Dr. Roger Perlmutter is feeling more optimistic about Amgen (AMGN) than when he joined as research chief in 2001. Then the biotech giant was facing heat over its thin drug pipeline. So Perlmutter axed dozens of the least promising lab efforts. That discipline is starting to pay off. Amgen has released encouraging early data on osteoporosis and cancer drugs; 10 more are ready for human testing. Perlmutter, executive vice-president for research and development, predicts Amgen will apply for Food & Drug Administration approval for four products in the next five years.
Tell that to Wall Street. Despite 23% first-quarter earnings growth, Amgen stock has dropped $3, to $61, since Jan. 1. That may be because Perlmutter can't predict the potential of the osteoporosis and cancer drugs until late-stage trial data is released starting later this year. "I pretty much know [the drugs] are going to work. But what's the commercial trajectory? I don't know." Investors are watching carefully.
Sears (S) is extremely proud of the American heritage of its Craftsman line of tools. The point was driven home in a recent episode of the Travel Channel TV series John Ratzenberger's Made in America that extolled the tools' merits.
But now a small number of consumers are challenging Craftsman's pedigree. In a lawsuit filed last December in New York Supreme Court, three plaintiffs claim that many Craftsman tools are falsely labeled "Made in USA," since major parts are often from other countries. It is one of nine such suits filed in five states. In each case, Sears has filed a motion to dismiss. Spokesperson Chris Brathwaite says: "We will continue to vigorously defend them."
In 1997 the Federal Trade Commission set a standard for Made in USA labels: American origin may be claimed only if "all, or virtually all" of the product is made here. Fine print in Sears promotional materials reveals only about 1,600 of Craftsman's 5,000 tools are U.S.-made. The suits claim this isn't obvious from the retailer's ads. A quick check of several Sears stores by BusinessWeek found, for example, a screwdriver with a label indicating Canadian origin hanging under an image of the product labeled Made in USA. FTC lawyer Laura Koss won't say if the agency is investigating. "The bottom line is making sure consumers get accurate information," she says. Sometimes it takes a court fight to hammer that home.
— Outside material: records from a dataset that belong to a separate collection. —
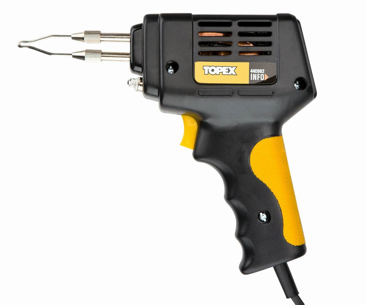 Lutownica transformatorowa TOPEX (nr ref. 44E002) o mocy 100W. Służy do łączenia metalowych części za pomocą niskotopliwego spoiwa np. cynowo-ołowiowego do lutowania miękkiego. Jest szczególnie przydatna przy łączeniu elementów o większym przekroju np. elektryczne instalacje samochodowe, elektryczne instalacje domowe niskiego napięcia oraz przy innych pracach wymagających zwiekszonej temperatury nagrzewania. Posiada wbudowaną żarówkę podświetlającą miejsce lutowania co znacznie podnosi komfort pracy. Zgodność z europejskimi standardami bezpieczeństwa zapewnia certyfikat CE. Marka TOPEX skierowana jest do majsterkowiczów.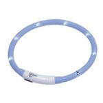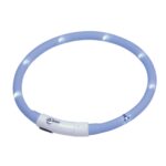 LED-halsbånd til hvalpe og små hunde i lyseblå eller pink farve. Lavet af regnbestandigt silikone og genopladeligt via USB. Synlig op til 500 m og kan bruges i op til 2 timer. Individuelt justerbar længde.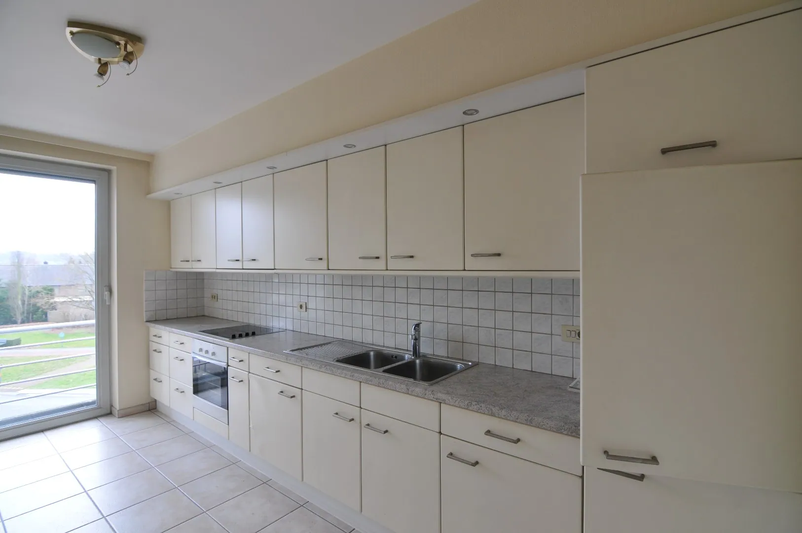 Dit appartement is gelegen in het centrum van Avelgem, op wandelafstand van alle nodige handelszaken. Het appartement heeft 2 slaapkamers, een mooie woonkamer, een aparte ingerichte keuken, een badkamer en een berging. Vooraan een balkon en achteraan een ruim terras. Op het gelijkvloers is een fietsenberging en een garage voorzien. Het zicht op de Kluisberg is subliem.

Its logo, featuring an Islamic crescent "C," a Star of David "X," and a Christian cross "T," is meant to represent the peaceful coexistence of faiths. But Coexist, a Fishers (Ind.) apparel company, isn't turning the other cheek. Its May 12 lawsuit against online marketplace CafePress.com and three small Web outlets claims they violated a two-year-old trademark.
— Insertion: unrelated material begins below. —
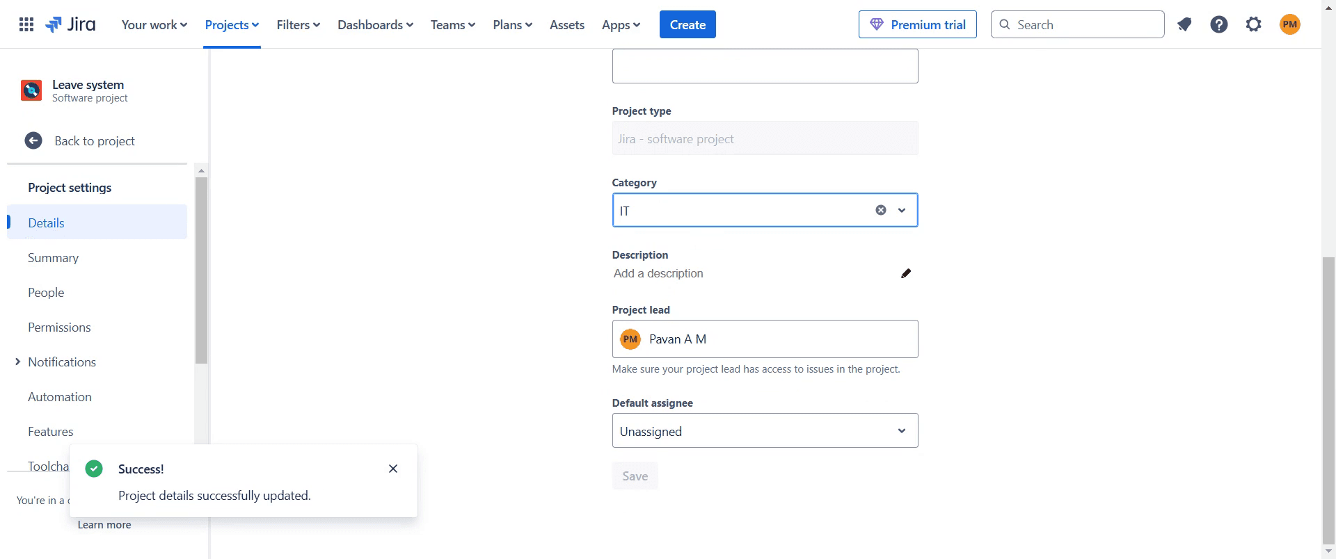 A pop-up will confirm that the project details have been successfully updated. Thank you.

The four pulled T-shirts from their sites pending judicial review but insist the designs are their own. Aaron Ring, owner of Atheists Online and a defendant, says his design is "unique and distinct," using a yin and yang symbol instead of the "O" and a Celtic pattern for the "S." Coexist says the designs are "confusingly similar."
In 2001, Polish artist Piotr Mlodozeniec designed a logo using religious symbols for Jerusalem's Museum on the Seam. Coexist trademarked it, with slight differences, two years later. Can't these logos all just get along?